StarHub Limited
- Logo since 2021
- Type: Public
- Traded as: SGX: CC3
- ISIN: SG1V12936232
- Industry: Telecommunications
- Founded: 7 May 1998; 28 years ago
- Headquarters: 67 Ubi Avenue 1, #05-01 StarHub Green, Singapore 408942
- Area served: Asia, mainly serving Singapore
- Key people: Terry Clontz (Chairman) Nikhil Eapen (CEO)
- Products: Digital TV Cable television IPTV Broadband Internet Telephone Mobile
- Revenue: S$2.30 billion (2019)^{[needs update]}
- Number of employees: Approximately 2,700
- Website: www.starhub.com

= StarHub =

Singaporean telecommunications company

StarHub Limited is a Singaporean multinational telecommunications conglomerate and one of the major telcos operating in the country. Founded in 7 May 1998, it is listed on the Singapore Exchange (SGX).

==History==
===Early years===

Logo from 1999 until 2010

StarHub was awarded the license to provide fixed networks and mobile services on 23 April 1998, when the government announced that the telecommunications sector in Singapore would be completely liberalised by 2002. In 2000, the government announced the date for complete liberalisation would be brought forward to 1 April 2000, and the 49% cap on foreign ownership of public telecommunications companies in Singapore would be lifted. StarHub was officially launched on 1 April 2000 with ST Telemedia, Singapore Power, BT Group and Nippon Telegraph and Telephone (NTT) as its major shareholders.

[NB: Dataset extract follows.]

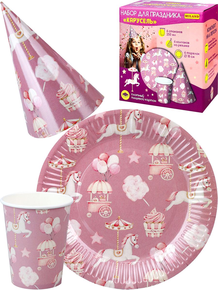 Набор для праздника "Карусель" тарелка 6 шт, стаканы 6 шт, колпаки 6 шт

On 21 January 1999, StarHub acquired internet service provider CyberWay and it became a subsidiary within the StarHub group. It was renamed as StarHub Internet on 3 December 1999 in a move to integrate CyberWay into the StarHub brand.

===2000s===
In 2001, Singapore Power divested its shares in StarHub and sold its 25.5% stake to ST Telemedia for S$400 million. BT Group subsequently divested its 18% stake as a result of consolidation, after accumulating debt acquired during the bidding round for 3G licences in the United Kingdom.

On 1 October 2002, the company merged with Singapore's sole cable television operator, Singapore Cable Vision. As a result of the merger, it acquired SCV's cable television as well as broadband internet access operations.

StarHub was publicly listed on the Singapore Exchange on 13 October 2004.

On 12 January 2007, StarHub announced a 'Strategic Alliance' with Ooredoo.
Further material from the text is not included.